However, I don't want to delete their details from the UserLog as I am interested in collating data on how long people spend on the software and the fact that they no longer work at the company does not mean their user behaviour is no longer relevant.
What I am left with is a table UserLog that has no relationships with any other tables in my database. Is this a sensible idea?
Having looked through books etc / googled online I haven't come across any DB schemas with tables that have no relationships with others and so my gut instinct here is saying that my approach is not robust...
I'd appreciate some guidance please.

My personal preference in this case would be to "soft delete" an employee by adding a "DeletedDate" column to the Employees table. This will allow you to maintain referential integrity with your UserLog table and all details for all employees, past and present, remain available in the database.
The downside to this approach is that you need to add application logic to check for active employees.
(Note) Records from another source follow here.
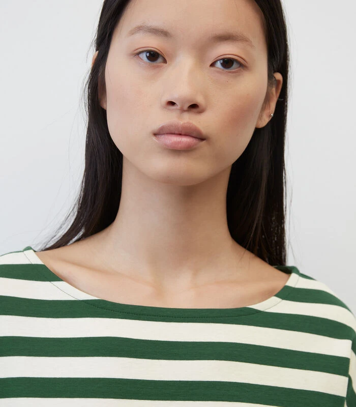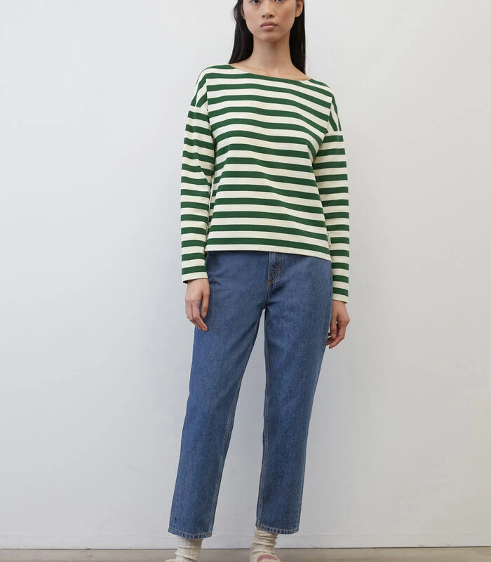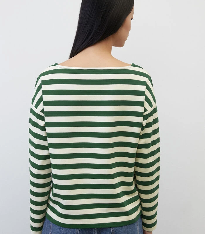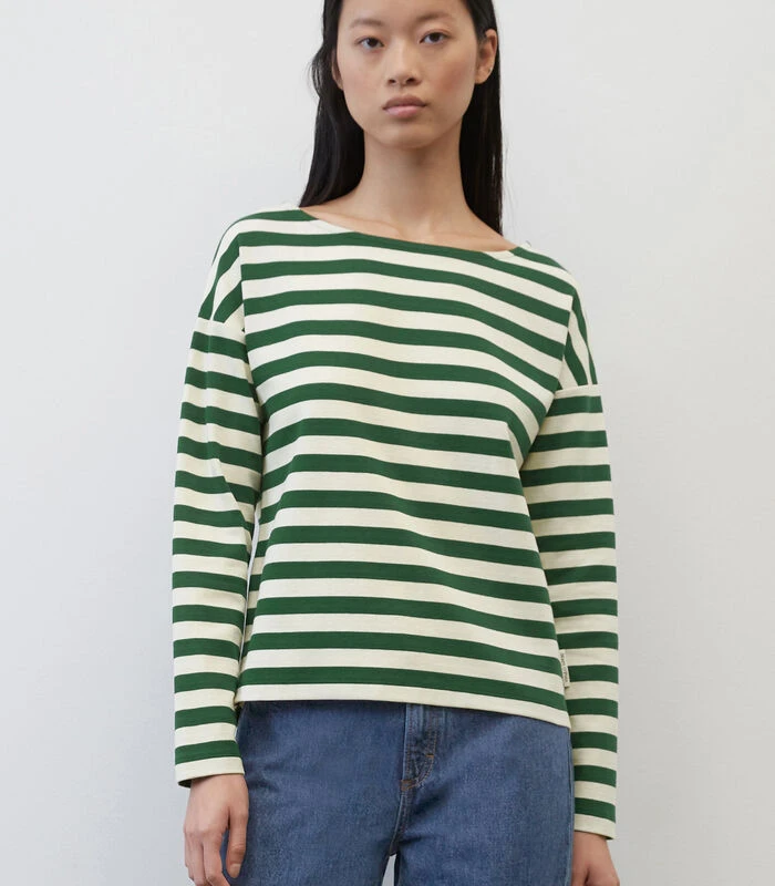 Een blijvertje: gestreepte Tโshirts. Een blijvende trend is zachte en compacte interlockโjersey van een elastische mix van biologisch katoen van geverfde garens. Casual fit met een wijde hals, duidelijk oversized schouders en rechte zomen. Het casual shirt zorgt voor een vleugje Franse chic in dagelijkse looks en heeft een maritieme uitstraling. Mooi bij de klassieke slim fitโjeans โ steek hem casual aan de voorkant in de broeksband.
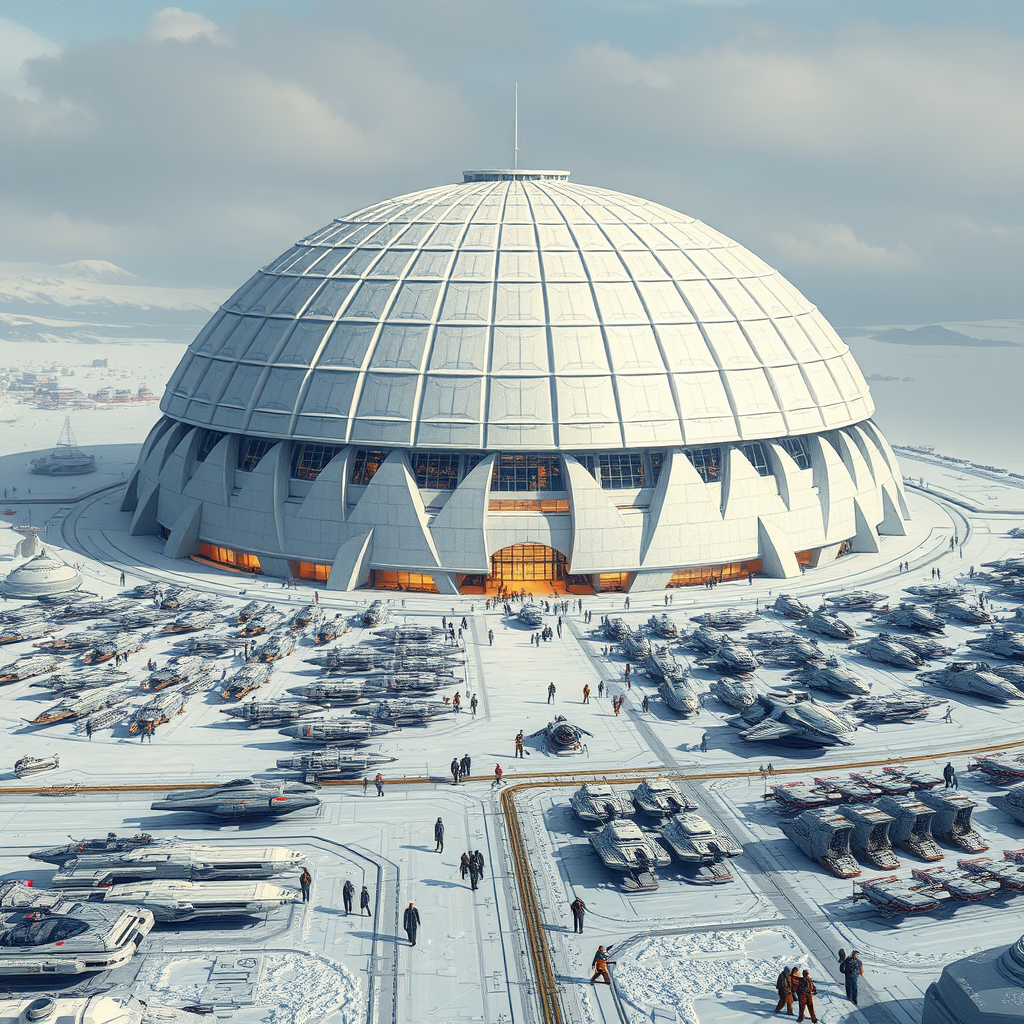 A sprawling spaceport stretches across a snow-dusted landscape, bustling with spaceships of all shapes and sizes parked in neat rows. People clad in futuristic attire navigate the busy area, their breath visible in the frosty air. Dominating the foreground is an immense dome-shaped structure, a masterpiece of modern architecture crafted from sleek white and grey stone, interwoven with expansive panels of shimmering glass. The impressive edifice reflects the chill of the season, yet emanates a warm glow from within, suggesting a hive of activity and advanced technology. The scene is alive with movement and the hum of engines, capturing the vibrant essence of an interstellar hub in a wintery setting, reminiscent of the dynamic style of Craig Mullins.
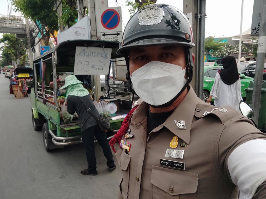วันที่ 8 มี.ค. 65 เวลา 13.45 น. ร.ต.อ.วิชชาภพ กาวสูงเนิน รอง สว.จร.สน.ทุ่งครุ 660-3 ประชาสัมพันธ์รถยนต์ ที่จอดรถขายผลไม้และจอดกีดขวางการจราจร บริเวณหน้าห้างโลตัส และห้าง แม็ก วาลูว์ ถนนประชาอุทิศ แจ้งให้ผู้ค้าและผู้ที่ซื้อสินค้าให้ทราบถึงความผิดและห้ามมิให้กระทำอีกต่อไปและให้เคลื่อนย้ายพ้นกีดขวางเรียบร้อย”;
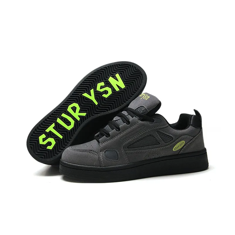STUR YSN Износостойкий и Легкий Низкий Топ Скейтборд Кроссовки Женские Темно-Серый Неон-Зеленый

Yes, this is perfectly sensible. The log is just a raw audit of data that should never change. It doesn't need to be normalized (and shouldn't be) and/or linked to other tables.
Ideally, I would put write-heavy audit logging in a different database entirely than the read-heavy transactional day-to-day stuff. They may grow differently over time. But starting small it's fine to keep them in the same database as long as you understand the fundamental differences between them.
On a side note, I would recommend not deleting the users from the tables. Maybe have some kind of IsActive or IsDeleted bit on them that would effectively blind them from the application, but deleting should be avoided if possible.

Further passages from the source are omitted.